This morning you opened a door for me And asked me rather sweetly how I was And I stared at my face reflected above your shoulder And scanned it for emotion Before nodding and saying fine.
You walked away to some masculine class Where you lifted weights and complained about errant girlfriends While I went to the restroom Locked myself in a stall And puked.
I suppose your dad made excuses before you could I bet he assured you that it wouldn’t affect whatever sports you did at the time I bet he thought about slipping a crisp bill in an envelope And setting it on the superintendent's desk.
And I know you joked to your cocky little friends That the ***** took everything too seriously Because after all You were only joking Right?
The superintendent looked over glasses and pink slips of paper And assured me that he knew your parents And in fact your father had given him a root canal the day before And he was very sure this was all some misunderstanding And it would be resolved quickly and quietly.
I had to steel myself I expected it Waited for it And there it was.
You probably just liked me.
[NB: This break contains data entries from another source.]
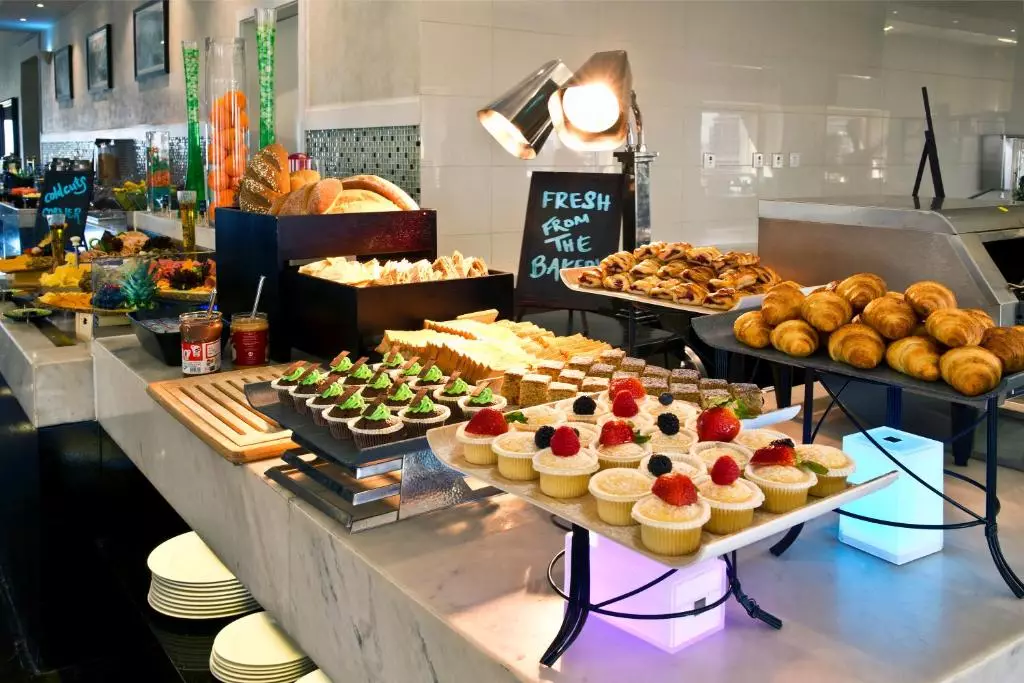 چندین رستوران بینالمللی در هتل فعال هستند که انواع غذاهای عربی، آسیایی و اروپایی سرو میکنند. همچنین یک کافه شیک در لابی و رستوران پانورامیک با چشمانداز دبی برای مهمانان وجود دارد.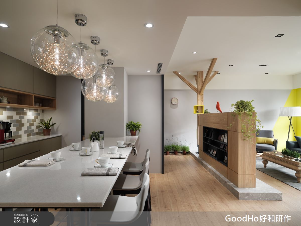 由GoodHo好和研作精心規劃的40坪四房住宅空間,家庭成員一共有2位大人、1位小孩。因應屋主需求,設計師運用現代風作為主軸,搭配栓木實木板、黑鐵烤漆、長虹玻璃、KENORO卡扣式木地板,打造全家人的夢想家居。
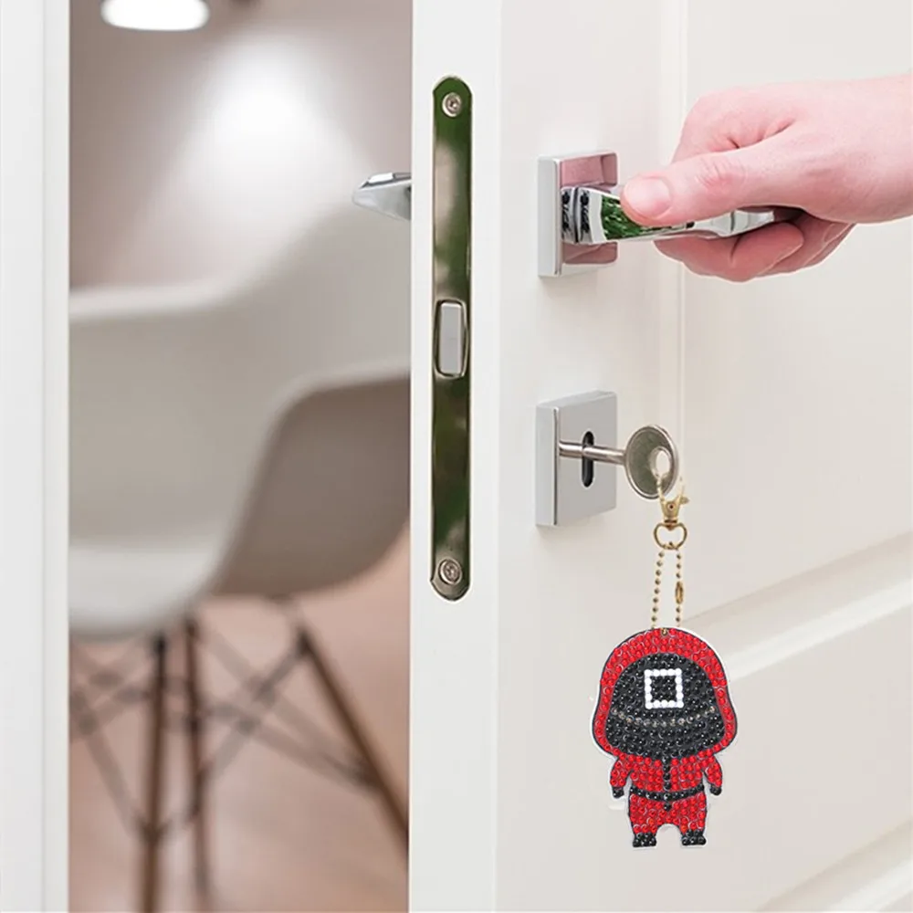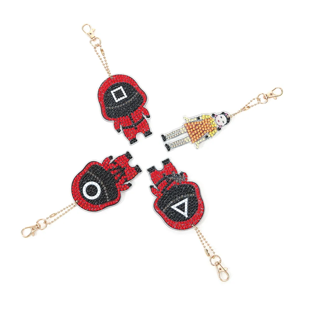5 шт. 5D алмазная живопись мультфильм кальмар игра фигурки маска металлический брелок Мозаика Искусство поделки кулон Декор Рождественский подарок

That was the problem You were so very confused And ever-so-innocent And a student who brought so much good publicity Couldn’t possibly be a detriment Could he?
It was just like in elementary Where the bruises on my wrist Were written away as a love bite A little sign of devotion And I should be grateful.
I hear you’re off to a college on the coast For free Even though you stole answers off my papers And glances down my shirt.
I hope you enjoy it I hope you pretend to care about physics And I hope the essays you buy are worth the money And I hope the parties are lively And the ***** rich.
But when you slip In the backseat of your Mercedes Because you liked her too much Don’t believe what they tell you I' ll know your guilt As clearly as the moonlight caught in her watering eyes And I will make you know it.
Until then I’ll square my shoulders Rinse the taste from my mouth Glare at myself in the fluorescent light And will the emotion away One more time.